Perros y gatos enjaulados y murciélagos esparcidos en el piso. Este es el panorama que uno encuentra en los mercados de China. Los encargados de la salud ya dejaron claro que los mamíferos voladores no pueden contagiar la pandemia a los seres humanos. La historia cuenta que el inicio se dio cuando un ciudadano chino comió el animal, pero esto ya quedó descartado, aunque no quita que sea algo antihigiénico.
En el país asiático están acostumbrados a comer animales que en occidente no son opción de alimento. Más allá que no puedan transmitir el coronavirus, el mal cuidado puede generar un descuido en la limpieza de los espacios y generar el contagio.
Luego que en China festeje el descenso de su taza de contagios y mortalidad por el covid-19, los mercados de carne volvieron a abrir, pero manteniendo los bajos estándares de higiene para prevenir un brote futuro, según informa Daily Mail.

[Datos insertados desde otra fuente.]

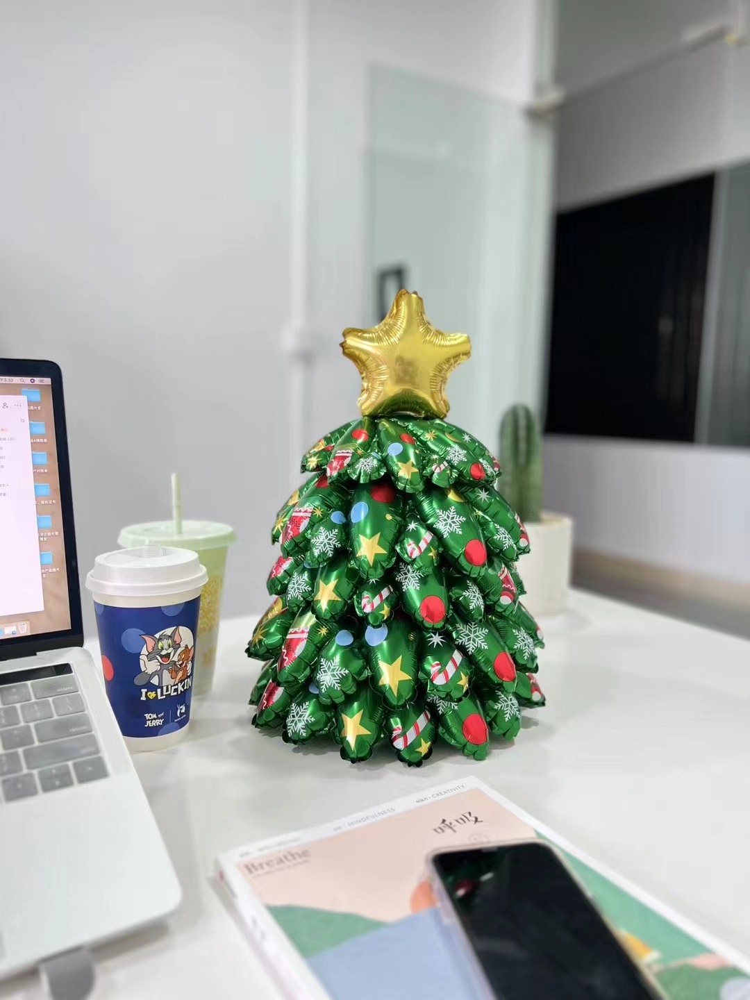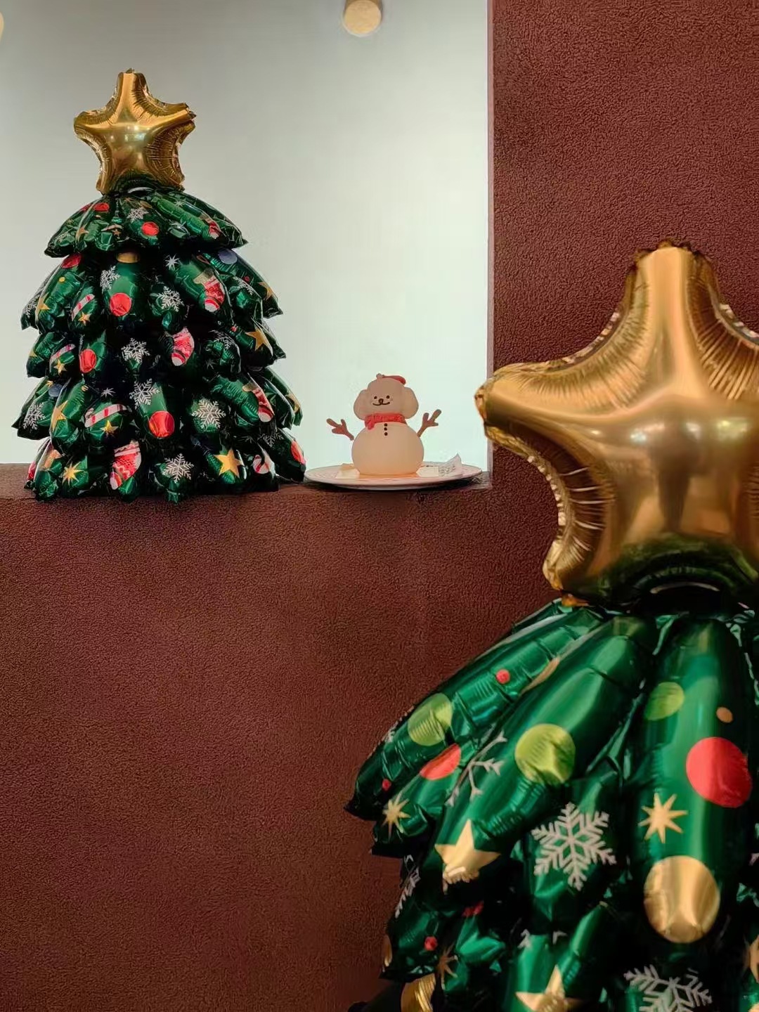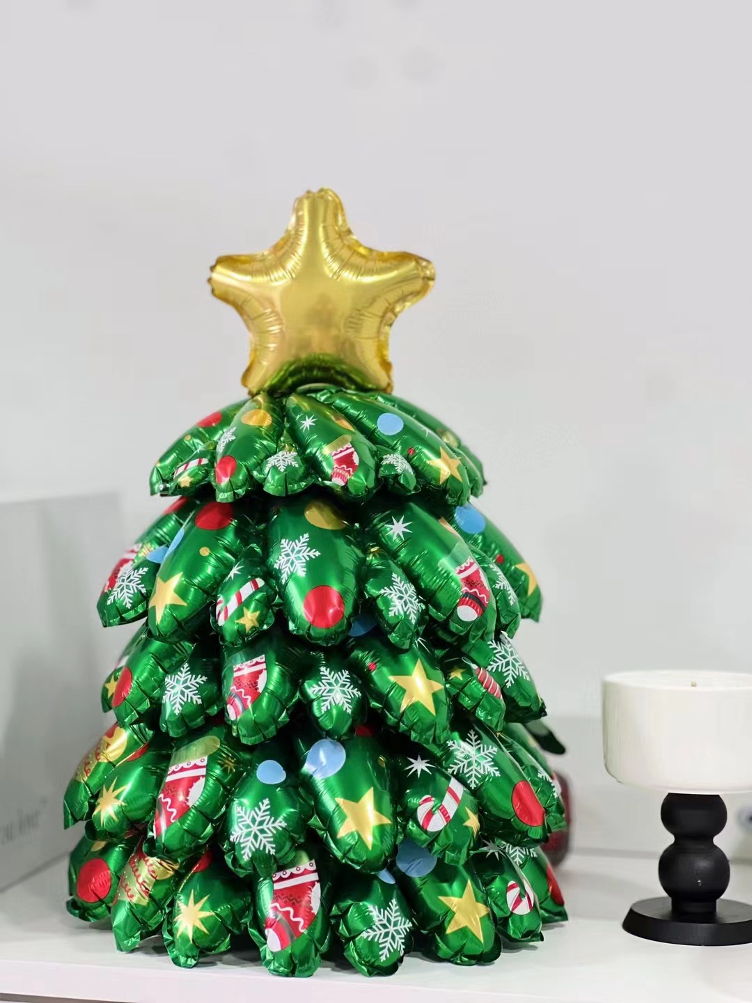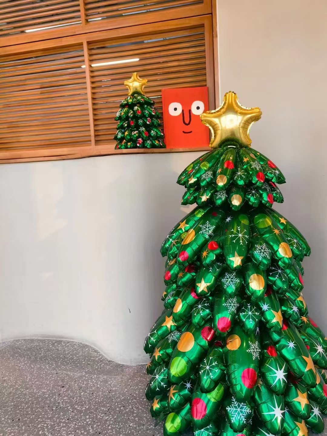 大号发光圣诞树站立款公司前台装饰LED灯双面圣诞树铝膜气球商场
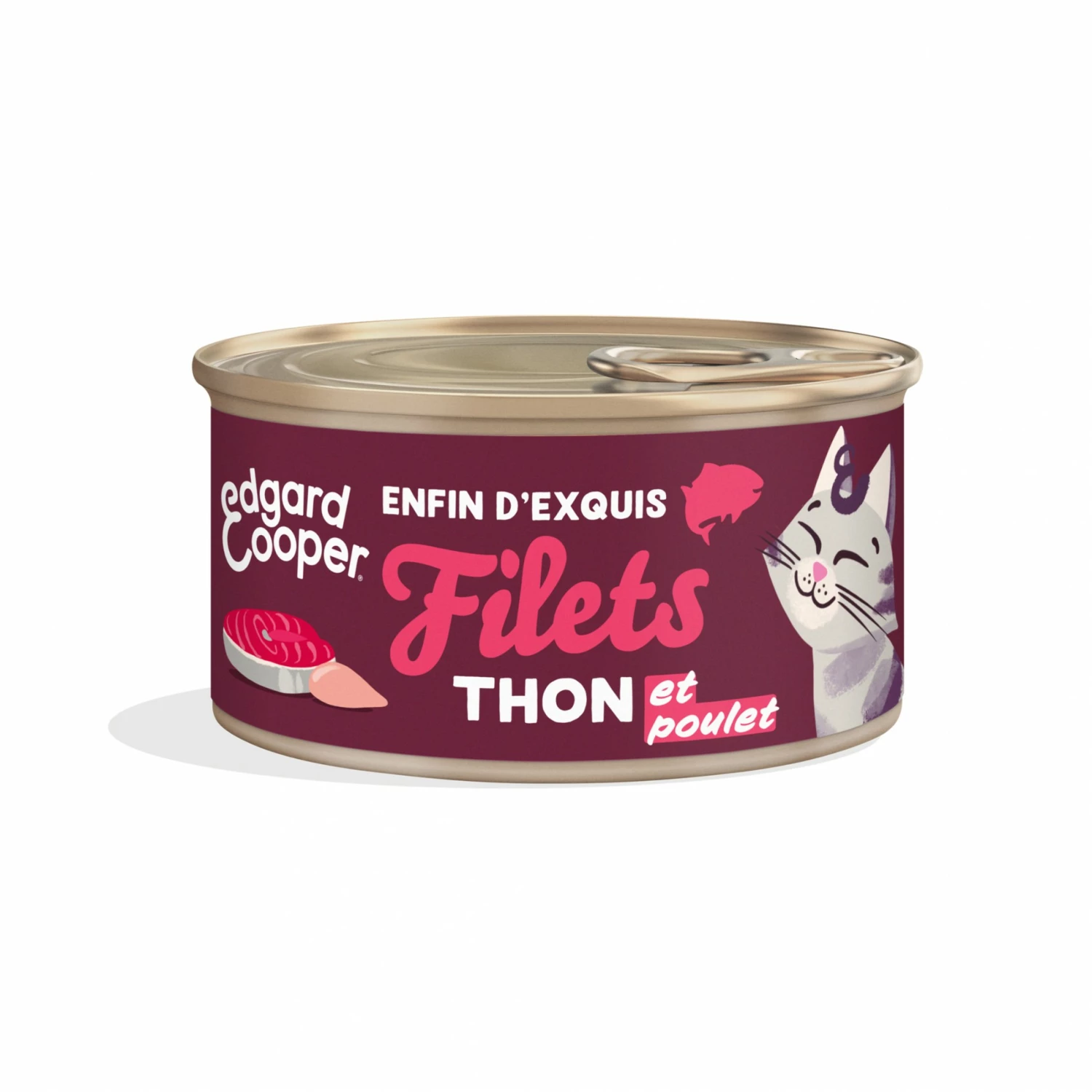 Edgard & Cooper Merveilleux Filets est un aliment complémentaire sous forme de pâtée en boîte pour chat adulte de 1 à 7 ans.

Todo vuelve a la normalidad den China
Un corresponsal de Mail on Sunday, observó ayer cómo miles de clientes acudían en masa a un mercado en expansión en Guilin, suroeste de China para adquirir los animales. Perros, gatos, murciélagos y hasta escorpiones eran puestos en oferta.
En el mercado de Dongguan, en el sur de China, otro corresponsal de fotografió a un vendedor de medicamentos que regresaba al negocio promocionando la venta de murciélagos con un cartel.
“Todos aquí creen que el brote ha terminado y que ya no hay nada de qué preocuparse. Es solo un problema extranjero ahora”, dijo uno de los corresponsales con sede en China.